大阪市内に醸造所や飲食店を展開する都市型ブルワリー「BAK」のクラフトビール。
塚本の「THEcoffeetime」は、ドーナツとお土産のドリップバッグも用意。

会のクライマックスには、OSAKA BUDDYの動画にでも紹介している「お茶屋 たに川」の芸妓さんが登場し、舞を披露。会場は、華やかながら凛とした空気に包まれ、浪速のまちに息づく伝統文化を体感するひとときとなりました。

創業約60年、ミナミで営業を続けている唯一のお茶屋、たに川のヒストリーや芸妓の思いはこちらの動画をご視聴ください。

舞の披露後は、芸妓さんも懇親会に加わり、参加者と交流するなど、会場はさらに和やかな雰囲気になりました。

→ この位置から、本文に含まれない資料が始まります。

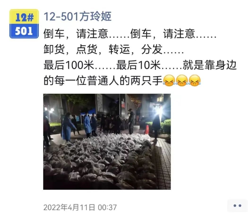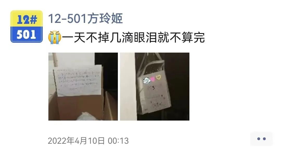 区城管执法局副局长方玲姬自4月1日起连日支援在居住社区一线,并兼任了区建管系统支援周桥街道疫情防控临时党支部书记。目前几乎各项志愿工种都经历了,常常深夜才结束工作。心思细腻的她不仅体察到社区工作者的加倍艰辛,也会被居民小小的体贴回报所感动。她欣赏过夜雨下的落花,凌晨12点后的抗疫日志成为微信发圈的常态。她说:“在社区抗疫,应该做的事,有太多太多;而我来得及做的事,太少太少。”

この日の出会いがきっかけで、昨秋アメ村にオープンしたミニシアター「シアターエミュ」で、たに川の芸妓・千鶴さんのドキュメンタリー映画『鶴になる』のコラボ上映が決定。
「シアターエミュ」のプロデューサー・栗原ゆうさんと記念撮影。

変わりゆくまちに何を残すか? これからもBUDDYたちと考える場に。

今回のOSAKA BUDDY Meet Up vol.2は、各パートとも活発な議論・交流が展開されました。普段は活動領域を異にする参加者たちは、お互いの立場や取り組みをリスペクトしながら、リアルな意見を交換。大阪の現在地とこれからを見つめ直す場となりました。

まちを形づくる人、風景、カルチャーは時代とともに変わっていきます。その中で、何を残していくのかは、地域の将来を語る上で無視できないトピックです。テーブルを囲んで交わされた意見や提言は、一人ひとりが次のアクションを考えるための確かなヒントとなったはず。OSAKA BUDDYはこれからも、あらゆる垣根を越えて人と人、文化とまちをつなぐ媒体として、対話の場をつくり続けていきます。